[ACTIVITY]
Each line in the material below, starting at the one that contains "Unser Daunenkissen wird" and ending at the one that contains "翔順集團(tuán)常務(w", should be repeated exactly; the pictures should not.

[DATA LISTING]
▬▬▬▬▬▬▬▬▬▬
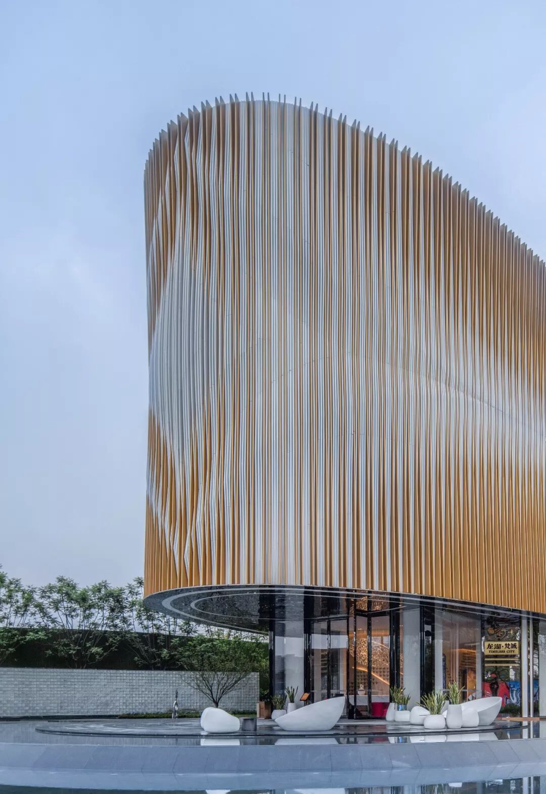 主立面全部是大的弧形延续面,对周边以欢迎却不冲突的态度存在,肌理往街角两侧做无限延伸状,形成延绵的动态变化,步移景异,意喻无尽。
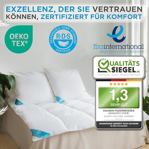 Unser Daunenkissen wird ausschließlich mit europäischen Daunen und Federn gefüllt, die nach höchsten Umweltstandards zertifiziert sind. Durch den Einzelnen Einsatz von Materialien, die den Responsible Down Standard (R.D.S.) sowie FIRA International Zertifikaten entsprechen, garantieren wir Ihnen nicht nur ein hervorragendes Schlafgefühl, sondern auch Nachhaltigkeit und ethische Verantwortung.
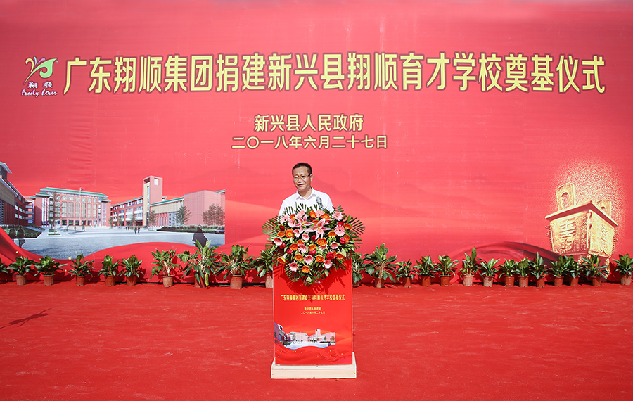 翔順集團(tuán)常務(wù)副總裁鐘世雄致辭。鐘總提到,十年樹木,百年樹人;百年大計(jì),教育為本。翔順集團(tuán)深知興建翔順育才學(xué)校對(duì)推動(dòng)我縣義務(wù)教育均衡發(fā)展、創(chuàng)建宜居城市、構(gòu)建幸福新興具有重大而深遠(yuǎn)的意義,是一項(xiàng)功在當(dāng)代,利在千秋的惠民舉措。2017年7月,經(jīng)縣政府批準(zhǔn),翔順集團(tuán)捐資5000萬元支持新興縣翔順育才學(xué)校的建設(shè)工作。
▬▬▬▬▬▬▬▬▬▬
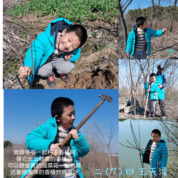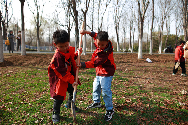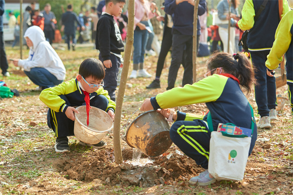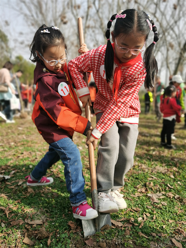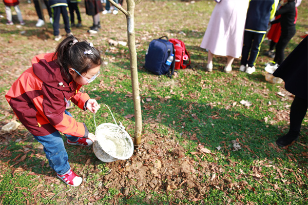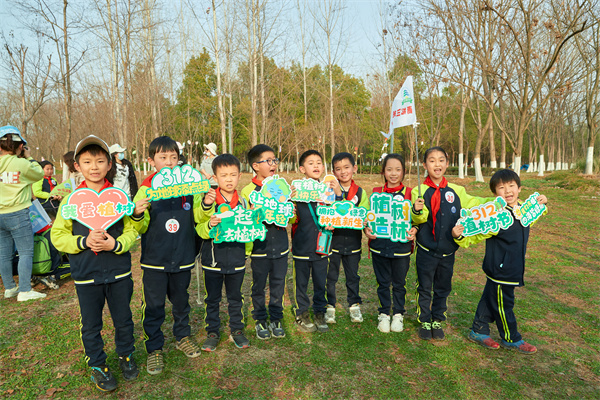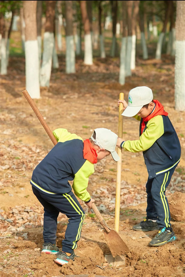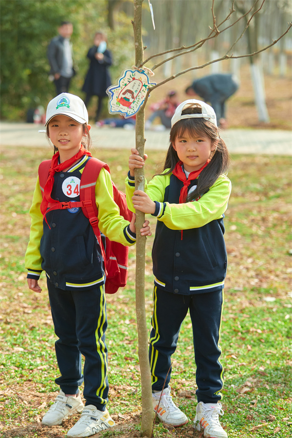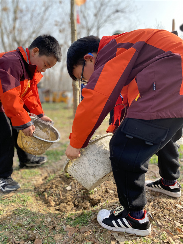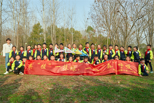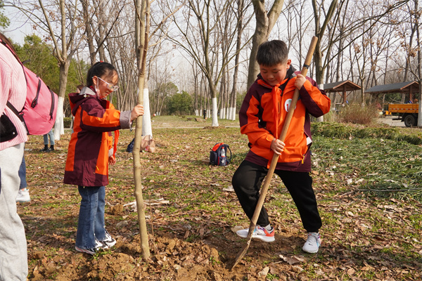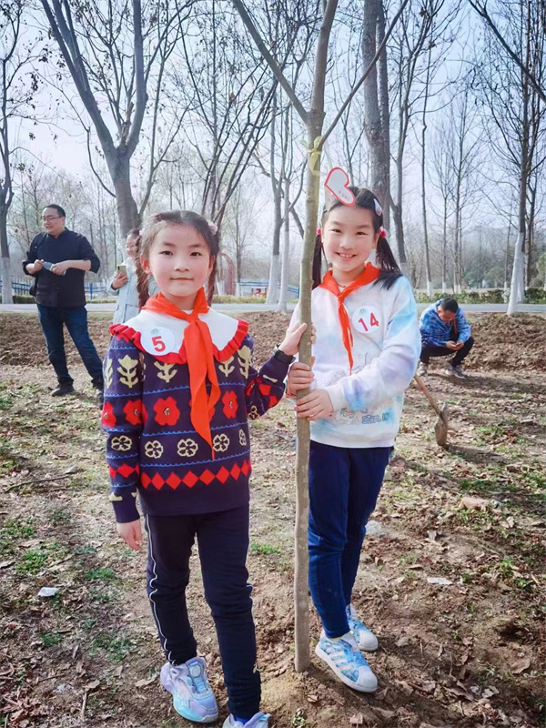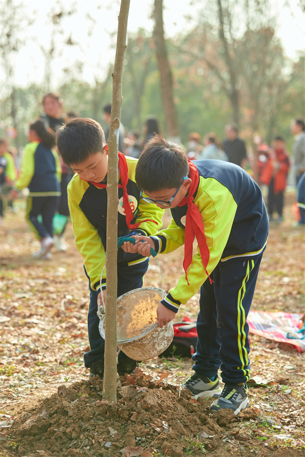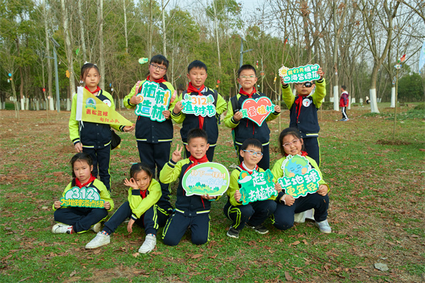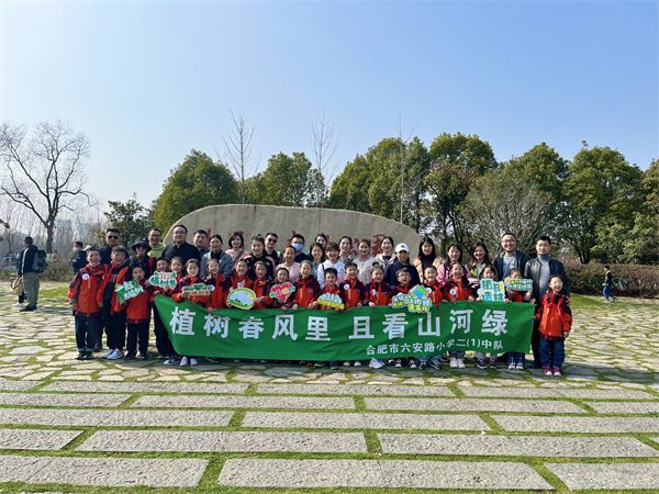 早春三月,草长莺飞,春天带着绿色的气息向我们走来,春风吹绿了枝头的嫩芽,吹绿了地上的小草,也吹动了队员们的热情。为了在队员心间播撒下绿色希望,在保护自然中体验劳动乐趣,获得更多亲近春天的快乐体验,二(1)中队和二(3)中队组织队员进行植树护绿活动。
▬▬▬▬▬▬▬▬▬▬
[TASK SOLUTION]
 Unser Daunenkissen wird ausschließlich mit europäischen Daunen und Federn gefüllt, die nach höchsten Umweltstandards zertifiziert sind. Durch den Einzelnen Einsatz von Materialien, die den Responsible Down Standard (R.D.S.) sowie FIRA International Zertifikaten entsprechen, garantieren wir Ihnen nicht nur ein hervorragendes Schlafgefühl, sondern auch Nachhaltigkeit und ethische Verantwortung.
 翔順集團(tuán)常務(wù)副總裁鐘世雄致辭。鐘總提到,十年樹木,百年樹人;百年大計(jì),教育為本。翔順集團(tuán)深知興建翔順育才學(xué)校對(duì)推動(dòng)我縣義務(wù)教育均衡發(fā)展、創(chuàng)建宜居城市、構(gòu)建幸福新興具有重大而深遠(yuǎn)的意義,是一項(xiàng)功在當(dāng)代,利在千秋的惠民舉措。2017年7月,經(jīng)縣政府批準(zhǔn),翔順集團(tuán)捐資5000萬元支持新興縣翔順育才學(xué)校的建設(shè)工作。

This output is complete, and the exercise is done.